08 May, 2019

Voices: How AEPi in Israel Reconnected Me to Jews at Home

08 May, 2019

Samuel Platcow (IDC, 2018) Jewish Programming Associate

We’ve all experienced it: losing touch with friends after senior year of High School. The best of friends go their separate ways in order to continue their education. Who can say if your friendships will really endure?

Upon acceptance to the Interdisciplinary Center Herzliya (IDC), I moved to Israel to start my college career as all of my friends went to their respective schools all over the United States. After a year or two, almost all of my High School relationships had been reduced to Instagram hearts and Facebook likes. Although this sounds sad, I’m sure you can relate. We’re hyper connected but somehow isolated in more ways than one. Yes, we’re really only ever a phone call away, but starting a new chapter in life means that sometimes, important relationships in the past may not be able to stay alive.

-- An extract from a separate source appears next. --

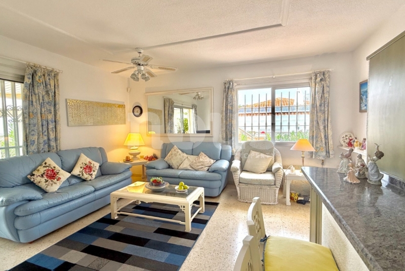 Acogedor bungalow en venta en la exclusiva zona residencial de Sueño Azul, en Callao Salvaje. Situado a escasos metros del mar y a tan solo diez minutos a pie de la Playa de Ajabo, esta propiedad representa una magnífica oportunidad de inversión, ideal tanto como residencia permanente, vivienda vacacional o para destinarla al alquiler turístico.

Of course, living in Israel means living in a Jewish country and studying at predominantly Jewish schools, but I still felt the need to find people with similar interests and goals. Where would I find my niche?

Despite these facts, many of my friends and I ended up walking the same the path. This path was the Jewish Fraternity. No matter how many miles away from each other we were, many of us joined the same Fraternity, AEPi. Many of us had no clue what AEPi was in High School. Miraculously, almost like it was meant to happen, a bond was reignited between us. My friends were now Brothers. It seemed we could relate even more, on a different level then in High School. What an interesting coincidence: we had separated entirely, even living across the globe but joined the same fraternity.

AEPi was the answer for me. Finding the Aleph chapter at IDC was a blessing: in an unforeseen way, AEPi in Israel actually enabled me to connect back with the United States! While it gave me a wonderful and diverse friend group in Israel, it became the reason I reconnected with so many friends with whom I hadn’t talked to for years.

In a foreign country, AEPi provided a place that helped me grow as a person with a group of people who had similar goals in life. I became comfortable in a country that was 5,500 miles away from my hometown. Finding out through Facebook that my friends got into AEPi was refreshing. I knew that we were all connected by something larger, that we could all sit down together a year or even three from then and be able to relate to one another still.

Fortunately I’ve had that experience, sitting down next to an old friend who you hadn’t talked to in years, still being able to talk to as if those years had never happened. Thanks to AEPi, I was able to rekindle broken friendships I thought lost forever. It turns out that being in a near completely Jewish school may have been similar to a school with next to none. AEPi was the perfect community for me and it’s still providing so much more.